General characteristics
- Class & type: Landing Ship Tank Mark 3
- Displacement: 2,140 tonnes (2,110 long tons; 2,360 short tons) light; 3,117 tonnes (3,068 long tons; 3,436 short tons) beaching;
- Length: 345 ft (105 m) overall
- Beam: 55 ft 3 in (16.84 m)
- Draught: 13 ft 1 in (3.99 m)
- Propulsion: Triple expansion engine, 5,500 hp (4,100 kW), two propellers
- Speed: 13 knots (24 km/h; 15 mph)
- Range: 10,000 nautical miles (19,000 km; 12,000 mi) at 10 knots (19 km/h; 12 mph)
- Capacity: 18 40-ton tanks, 27 trucks, and 7 LCMs
- Troops: 168 troops
- Complement: 104
- Armament: 10 × 20 mm Oerlikons (four twin, two single mounts)

= HMAS Labuan (L3501) =

1944 LST(3)-class tank landing ship

HMAS Labuan (L3501) (formerly HMA LST 3501) was a Mark III Tank Landing Ship that served in the Royal Navy (as HMS LST 3501) during World War II, and with the Royal Australian Navy (RAN) from 1946 until 1951.

In RAN service, the landing ship was primarily used in support of the Australian National Antarctic Research Expedition (ANARE). The vessel transported ANARE personnel and equipment to and from Heard Island and Macquarie Island. While returning from Heard Island in 1951, Labuan broke down and had to be towed to the mainland.
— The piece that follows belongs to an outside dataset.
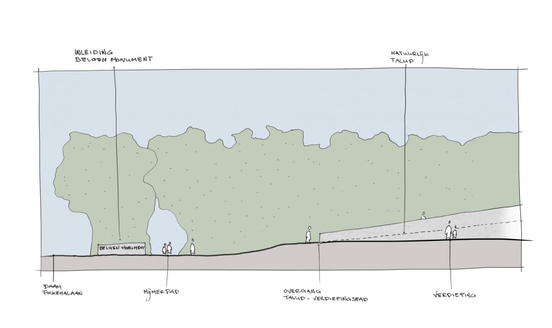 Met onze ingreep proberen we het verhaal over het ontstaan van het Belgenmonument voor een breed publiek aansprekend en inzichtelijk te maken. Tevens proberen we het door middel van ruimtelijke beleving te verbinden aan de hedendaagse vluchtelingenproblematiek.

The ship was paid off, and disposed of in 1955.

==Design and construction==
LST 3501 was built by Canadian Vickers at their shipyard in Montreal, Quebec, Canada. The vessel was launched on 31 August 1944. The Mark 3 LST had a light load displacement of 2140 t, with a maximum beachable displacement of 3117 t beaching. They were 345 ft in length overall, with a beam of 55 ft 3 in, and a maximum draught of 13 ft 1 in at the stern. Propulsion was provided by triple expansion engines, which delivered 5500 hp to the two propellers. Maximum speed was 13 kn, with a range of 10000 nmi at 10 kn. The LCTs had a ship's company of 104, and a maximum load of 168 troops, 18 40-ton tanks, 27 trucks, and 7 Landing Craft Mechanized. In RAN service, LST 3501 was armed with ten 20 mm Oerlikons: four twin and two single mounts.

==Operational history==
LST 3501 operated with the Royal Navy during World War II.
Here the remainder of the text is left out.